Gaylord assessed the effectiveness of the program by conducting a three-year study comparing 20 months of baseline data with 20 months of intervention data. At the end of the period, the data showed with statistical significance that the virtual sitting program had driven a 90 percent decrease in sitter hours and a 25 percent reduction in falls.

Houston Methodist Baytown Hospital. A community hospital within a greater health system in Southeast Texas, Houston Methodist Baytown Hospital implemented a virtual sitter program to increase resources for bedside staff, meeting the changes to the healthcare system following the COVID-19 pandemic.

To guide implementation, an interdisciplinary team headed by a nurse leader collaborated with other hospitals within the system to adopt best practices tailored to the hospital’s specific needs.

The hospital’s fall rate in 2022 dropped from an average of 1.43 to 0.98 per 1000 patient days post implementation, which is a 30 percent decrease.

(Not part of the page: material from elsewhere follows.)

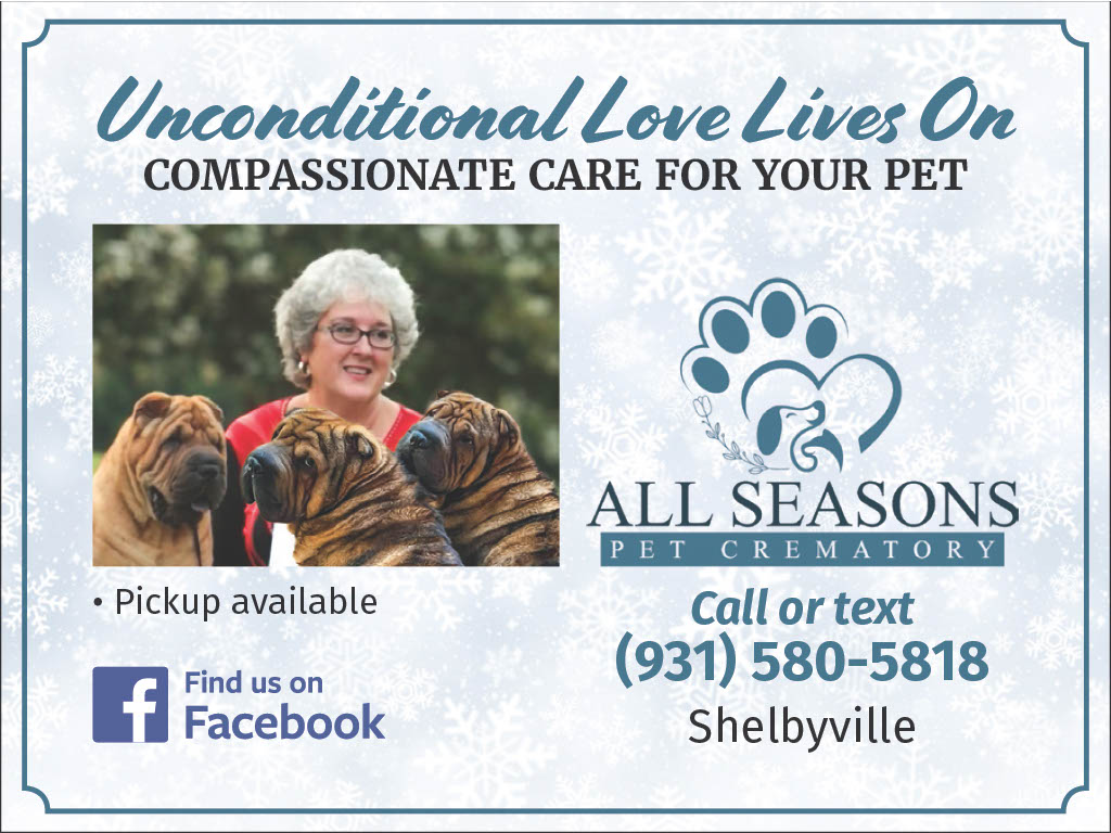 Contact All Seasons Pet Crematory: (931) 580-5818 /www.allseasonspetcrematory.com

There were no falls by monitored patients. The hospital estimated that the program helped to save $295,000 in staff costs. Because of the success of the virtual sitting program, Houston Methodist Baytown Hospital plans to expand from virtual sitting into virtual nursing.  

TidalHealth. For at-risk patients, TidalHealth had been running a patient companion program with one-on-one companions, but the $1.1 million initiative had proven to be expensive and unsuccessful. To reverse the trend, the health system implemented virtual sitting in two hospitals after modifying workflows and training staff.

The program dramatically reduced in-person sitter hours in both hospitals by 58 percent and 70 percent resulting in a cost savings of $425,000 in the first six months alone.

Upstate University Hospital SUNY. Although Upstate University Hospital had a virtual sitting program in place, the hospital was under-utilizing the technology they had purchased and falling short of its one-on-one sitter reduction targets. To increase utilization of virtual sitting and decrease sitter usage, nursing leaders developed and implemented a pilot program in four inpatient units that included a mandatory two-hour trial of virtual sitting before deploying a one-on-one sitter when the bedside RN was unsure how the patient would respond to virtual sitting.  Most of the mandatory trials were successful in enabling the patient to continue with a virtual sitter and negating the need for a one-on-one sitter.

After completing a successful pilot, Upstate University rolled out the mandatory two-hour trial policy for hospital-wide implementation. After four months of trending data, the team found that the program reduced sitter usage by an average of 7.1 full-time equivalents, which translates to an additional 33 percent decrease of one-to-one sitter utilization just by optimizing the use of the technology they had already purchased.

The experiences of these four hospitals demonstrate the value of virtual sitting in decreasing labor costs while improving patient safety. As financial headwinds increasingly force health systems to explore alternative ways of delivering care, we will see more and more examples of how virtual sitting can help hospitals solve some of their most persistent problems.

Virtual sitting solutions offer a proven approach to alleviating staffing shortages in addition to supporting the bedside care team so everyone is working at the top of their license.

Lisbeth Votruba, MSN, RN is chief clinical officer of AvaSure.